-- Information given follows --
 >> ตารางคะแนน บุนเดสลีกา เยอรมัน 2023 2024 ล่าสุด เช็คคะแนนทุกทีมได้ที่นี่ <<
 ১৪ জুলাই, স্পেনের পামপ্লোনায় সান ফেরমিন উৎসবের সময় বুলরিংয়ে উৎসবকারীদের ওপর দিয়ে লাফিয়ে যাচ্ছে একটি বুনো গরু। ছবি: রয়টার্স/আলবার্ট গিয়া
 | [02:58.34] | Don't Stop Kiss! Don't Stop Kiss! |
-- Information given concluded --
-- Information given follows --
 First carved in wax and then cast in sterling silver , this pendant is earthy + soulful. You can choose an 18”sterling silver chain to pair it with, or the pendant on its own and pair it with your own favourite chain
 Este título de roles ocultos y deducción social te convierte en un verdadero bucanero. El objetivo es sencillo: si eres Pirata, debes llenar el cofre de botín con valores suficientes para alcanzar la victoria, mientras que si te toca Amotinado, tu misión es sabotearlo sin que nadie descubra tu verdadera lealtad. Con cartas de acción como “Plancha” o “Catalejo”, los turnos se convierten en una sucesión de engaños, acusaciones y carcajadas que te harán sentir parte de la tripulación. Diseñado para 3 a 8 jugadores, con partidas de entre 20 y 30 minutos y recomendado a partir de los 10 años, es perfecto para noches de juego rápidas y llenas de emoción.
-- Information given concluded --
-- Information given follows --
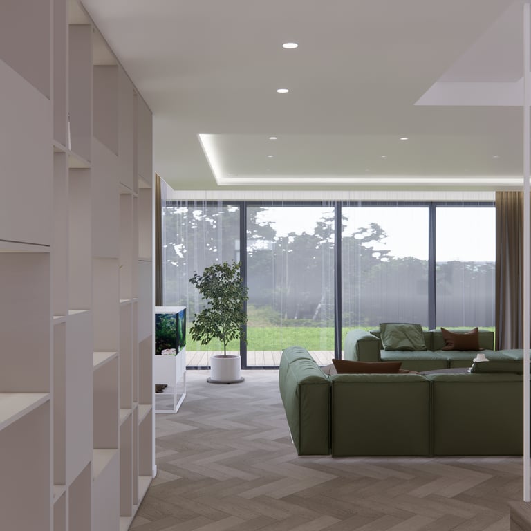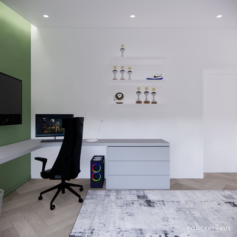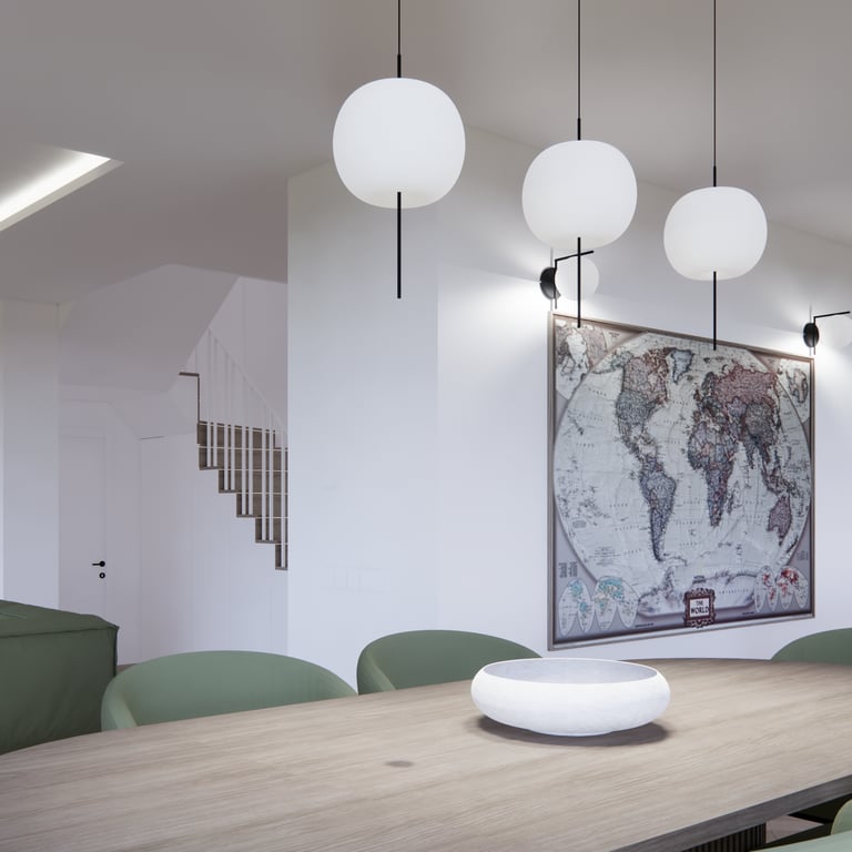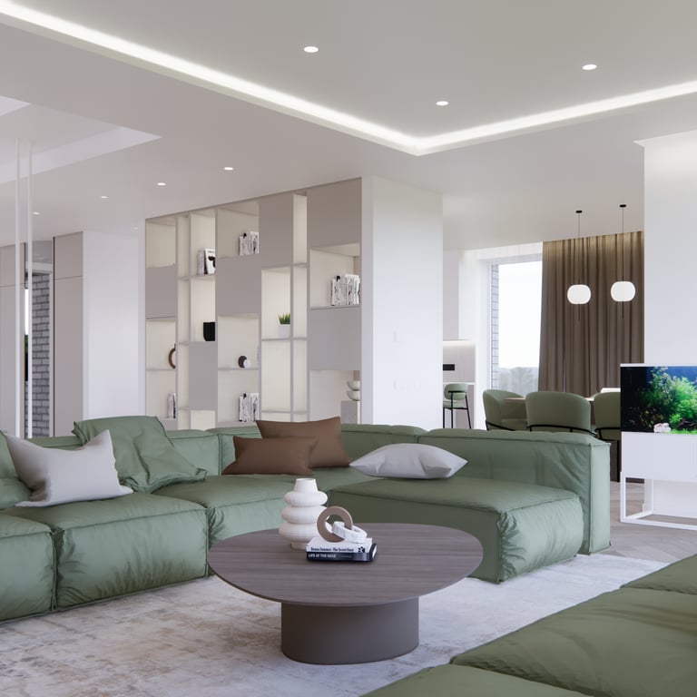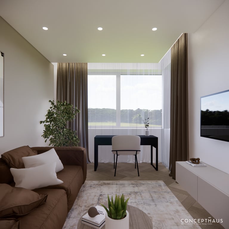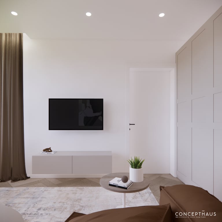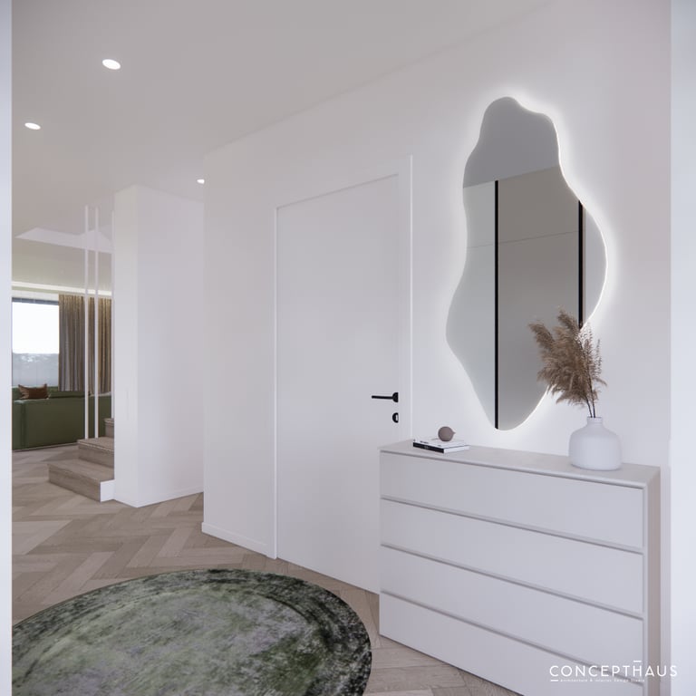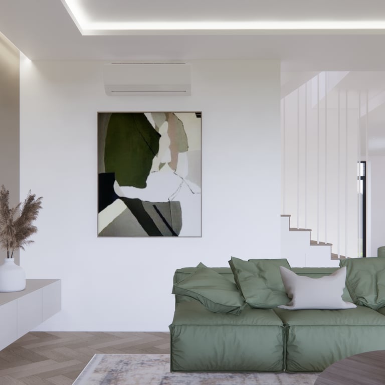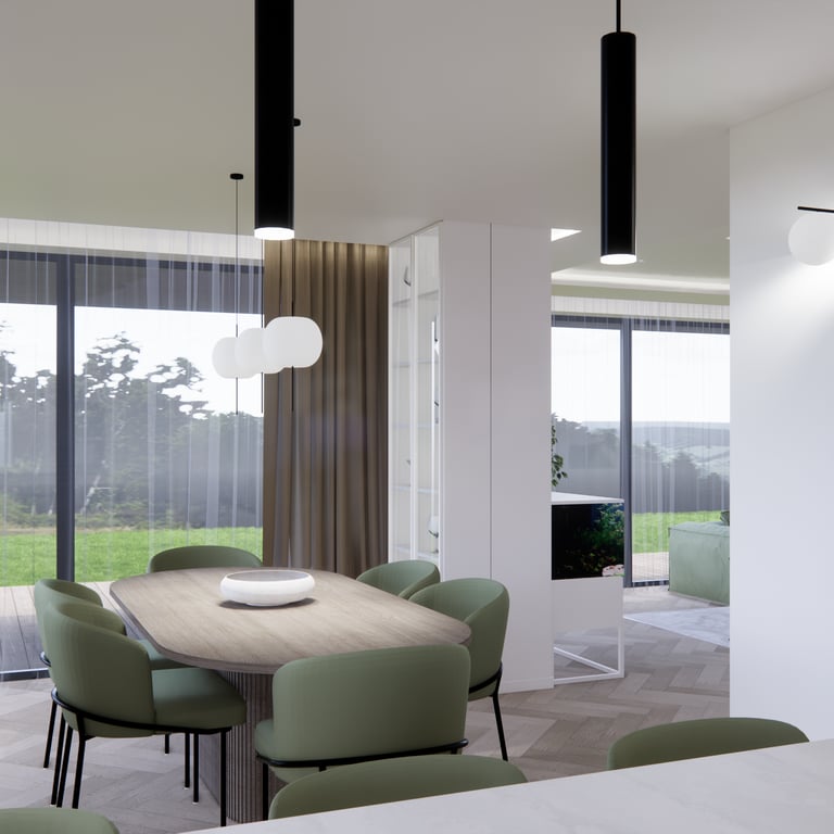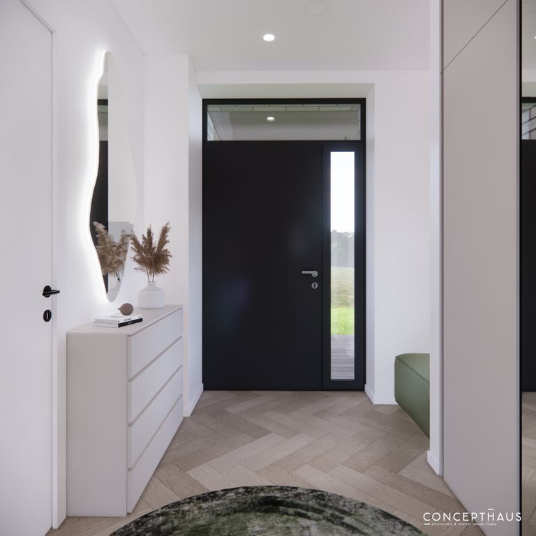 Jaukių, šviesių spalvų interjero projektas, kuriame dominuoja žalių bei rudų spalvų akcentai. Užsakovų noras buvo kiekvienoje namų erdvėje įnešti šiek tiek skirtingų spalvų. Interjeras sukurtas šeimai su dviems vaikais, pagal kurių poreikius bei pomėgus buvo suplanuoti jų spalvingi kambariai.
-- Information given concluded --
Task to complete -> Look back at the data above. Transcribe exactly the lines starting at the line that contains "১৪ জুলাই, স্পেনের" and ending at the line that contains "Stop Kiss! |".

Solution for this task ->
 ১৪ জুলাই, স্পেনের পামপ্লোনায় সান ফেরমিন উৎসবের সময় বুলরিংয়ে উৎসবকারীদের ওপর দিয়ে লাফিয়ে যাচ্ছে একটি বুনো গরু। ছবি: রয়টার্স/আলবার্ট গিয়া
 | [02:58.34] | Don't Stop Kiss! Don't Stop Kiss! |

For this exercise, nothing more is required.